Imaging a keystroke logger on a computer that watches for access to a bank web site, or eBay or PayPal or Amazon. When the logger sees that access, it starts capturing all of the keystrokes -- the credit card number, PIN, shipping address, etc. Then the logger, when contacted by the bot's "owner", will send that information back to the owner (the hacker). That financial information can be quite valuable.

The interesting thing about this attack is how widespread it might be. Take an ad-banner company that serves up millions of ads each day...not an unreasonable task. What if a percentage of those were also serving up program that is installed on a computer? Using an banner ad company as your attack point will make your attack much more widespread. For instance, in March 2004, FalkAG reports over 12 Billion ad impressions in one month. Not a bad attack vector.

On another subject: do you have "caller ID" on your color printouts? An article in PC World states that your color laser printer may have unique hidden printing to identify the printer used.

"According to experts, several printer companies quietly encode the serial number and the manufacturing code of their color laser printers and color copiers on every document those machines produce. Governments, including the United States, already use the hidden markings to track counterfeiters.

"Peter Crean, a senior research fellow at Xerox, says his company's laser printers, copiers and multifunction workstations, such as its WorkCentre Pro series, put the "serial number of each machine coded in little yellow dots" in every printout. The millimeter-sized dots appear about every inch on a page, nestled within the printed words and margins. "

Other news reports indicate similar tracking on HP printers, in addition to Xerox; not all models. You can see the yellow dots with a blue LED light, although they are quite small, so you might need a magnifying glass (more info in the above link).

Document Tracking, anyone?

(Excuse me now while I retreat into my 'no technology' safe room ....)

 Wednesday, November 24, 2004       mail    link   the story

Turkey day tomorrow. Although we're doing a honey-baked ham; we had a turkey dinner last Sunday. But the family will all be here, including Stacy back from college for the long weekend.
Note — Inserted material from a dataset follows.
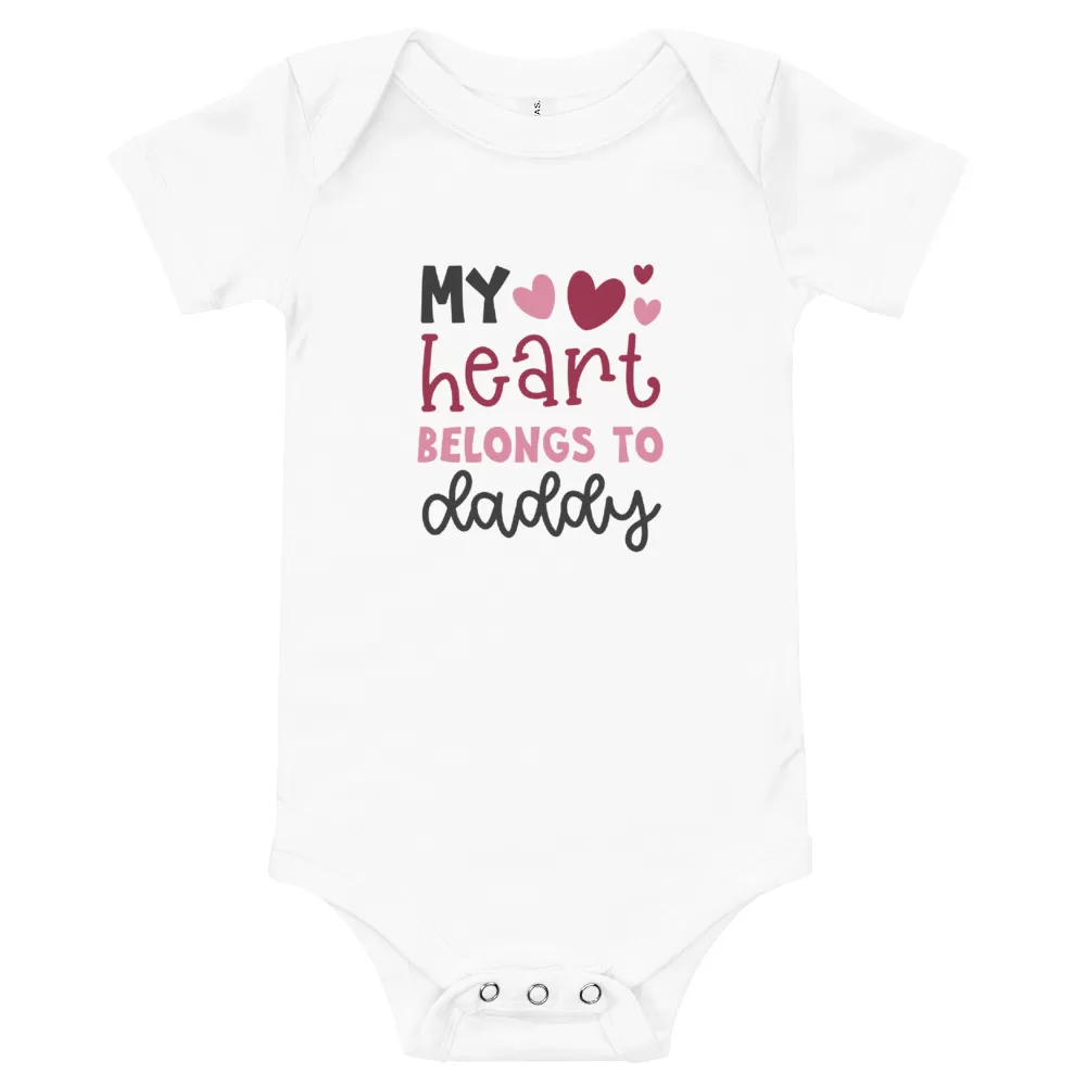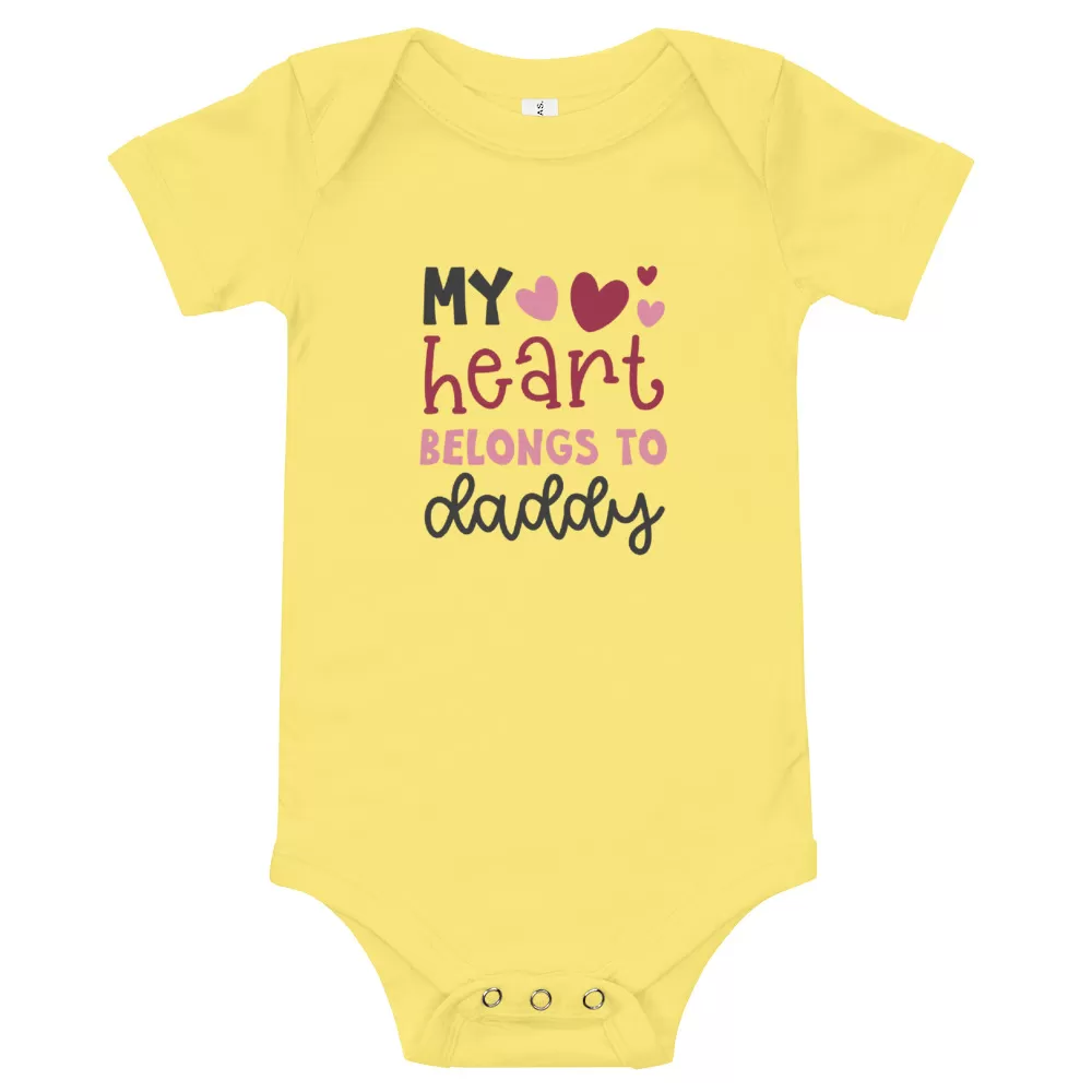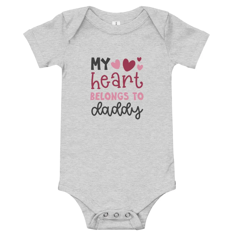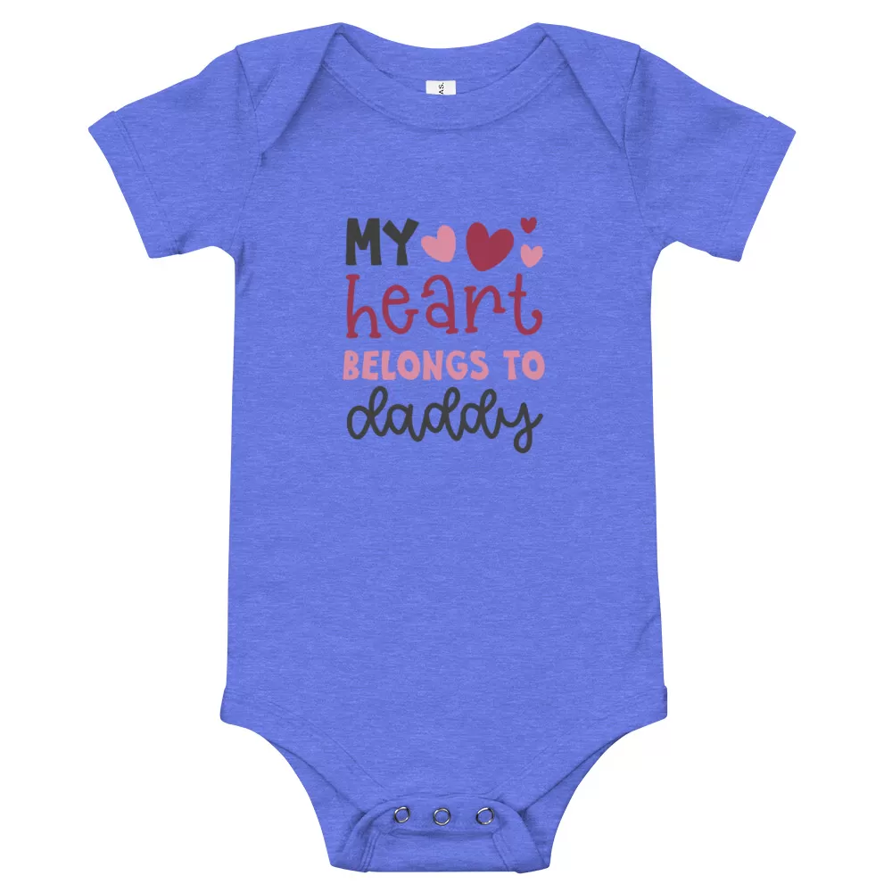 My heart belongs to daddy T-Shirt Dress your baby to the nines with this 100% cotton one piece. It has three snap leg closure for easy changing, a comfortable envelope neckline, and a beautiful print that’s bound to get the baby all happy and giggling.

There will probably be too much food, and lots of leftovers. But we'll attempt to do our share in consumption.

Hope you all have a good holiday. And for those of you that are not in the U.S., take an extra day off with my permission.

 Saturday, November 26, 2004       mail    link   the story

It was just as I predicted. Too much food, lots of leftovers, family togetherness. A good thing.

It started with a quiet Thursday morning. Pam was cooking in the kitchen, and I was goofing with the computers and the 'net. Stacy is back from Idaho for the holiday. Jason came up for dinner, and Christine and her family showed up for desert afterwards. Christine and the grandkids spent the night (Jared and Jason went to their respectives houses, as they both had to work on Friday).

Friday morning dawned before dawn. One of the family traditions is that Pam and the girls go shopping on the day after turkey day. And they get up early to hit the stores when they open at 5:30am. My job was to stay home and watch the grandkids. Everyone was happy with their duties.

So my Friday morning was filled with the grandkids. We colored, watched kid's TV, had snacks, and played with our toys. And the girls had a good time shopping, as evidenced by the full car trunk, and the emptiness of my wallet.

Today, we all slept in, and had a relaxing day. I made a trip to Home Depot to get a carbon monoxide detector for Stacy to take back to her apartment in Idaho. Pam and Stacy did a bit more shopping, and then the rest of the day has been Christmas movies on the Hallmark channel.

A very early day tomorrow. Stacy's flight leaves a bit after 7:00 am, so we need to get to the airport by about 5:30am. The the usual Sunday meetings, and a quiet Sunday afternoon. Pam will probably be reading, and I will be the one with the laptop on my lap.

Hope your weekend was also pleasant. Even if you didn't get to celebrate Turkey Day.